* _Description of the task_
Starting at the line that contains "招聘崗位由招聘單位編報(bà", write out each line exactly through the last one in the material below, and nothing more; omit all pictures.

* _Data segment_
++++++++
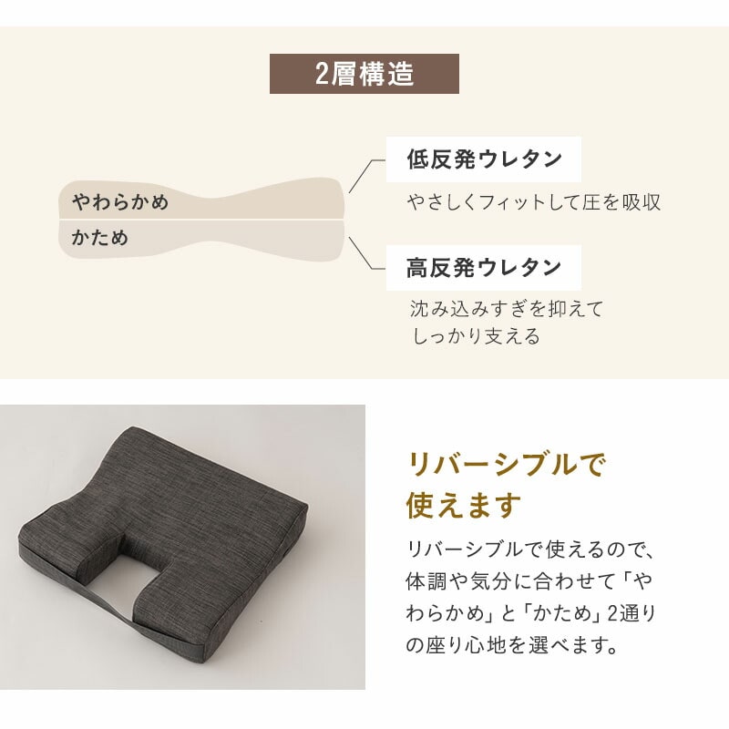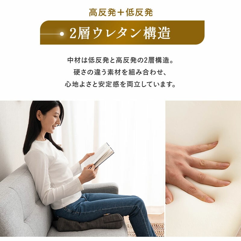 中材は、低反発と高反発の2層構造。硬さの違う素材を組み合わせ、心地よさと安定感を両立しています。リバーシブルで使えるので、体調や気分に合わせて「やわらかめ」と「かため」2通りの座り心地を選べます。
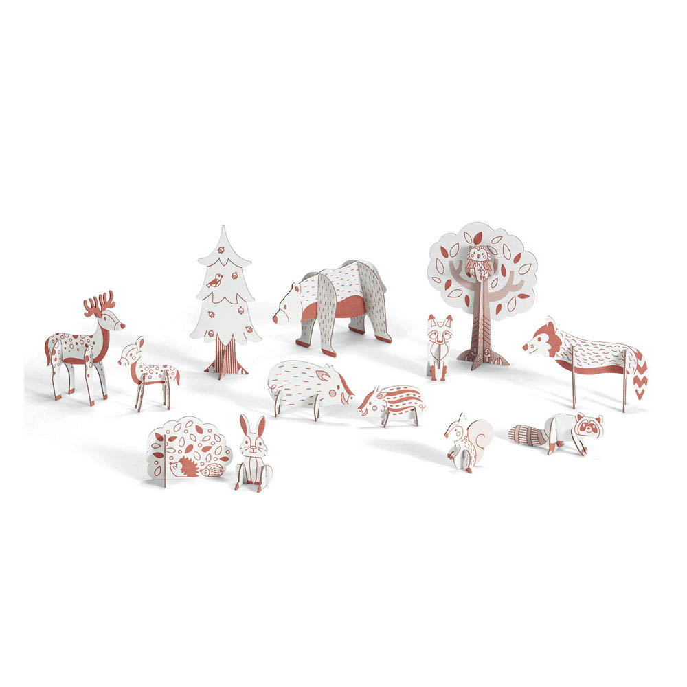 Ένα δημιουργικό σετ από 5 ταμπλό με προκομμένς φιγούρες, οι οποίες βγαίνουν, χρωματίζονται και συναρμολογούνται σε 3d ζωάκια του δάσους. Το παιδί παίζει με όλα τα στοιχεία που δημιουργήθηκαν και φτιάχνει παραμυθένιες ιστορίες. Περιλαμβάνονται οδηγίες.
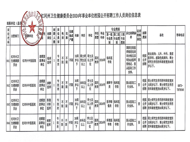 招聘崗位由招聘單位編報(bào),招聘專業(yè)、學(xué)歷等與崗位資格條件相關(guān)的問題,由招聘單位負(fù)責(zé)解釋。詳見《紅河州衛(wèi)生健康委員會(huì)2024年事業(yè)單位校園公開招聘工作人員崗位信息表》(附件1)。
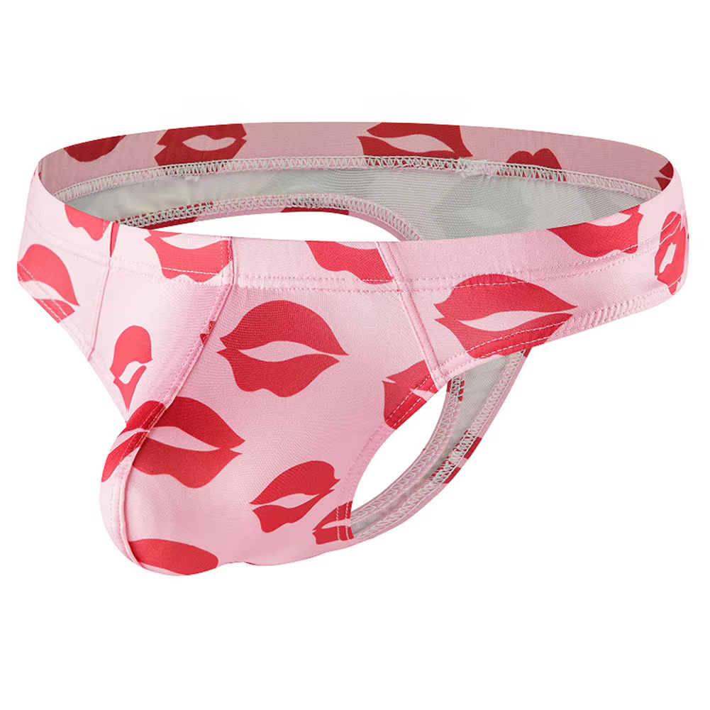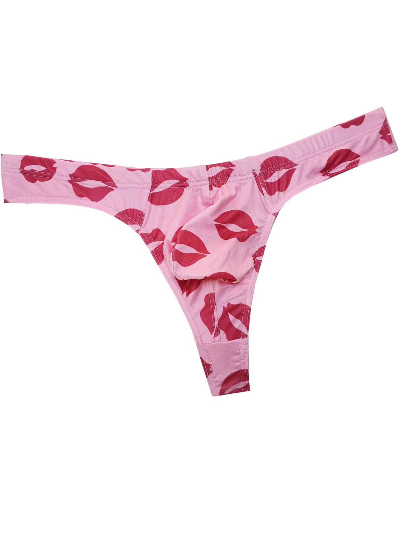 Męskie stringi, z elastycznego materiału. Wyrazisty kolor i nadruk z motywem ust.
++++++++
* _Finished exercise_
 招聘崗位由招聘單位編報(bào),招聘專業(yè)、學(xué)歷等與崗位資格條件相關(guān)的問題,由招聘單位負(fù)責(zé)解釋。詳見《紅河州衛(wèi)生健康委員會(huì)2024年事業(yè)單位校園公開招聘工作人員崗位信息表》(附件1)。
 Męskie stringi, z elastycznego materiału. Wyrazisty kolor i nadruk z motywem ust.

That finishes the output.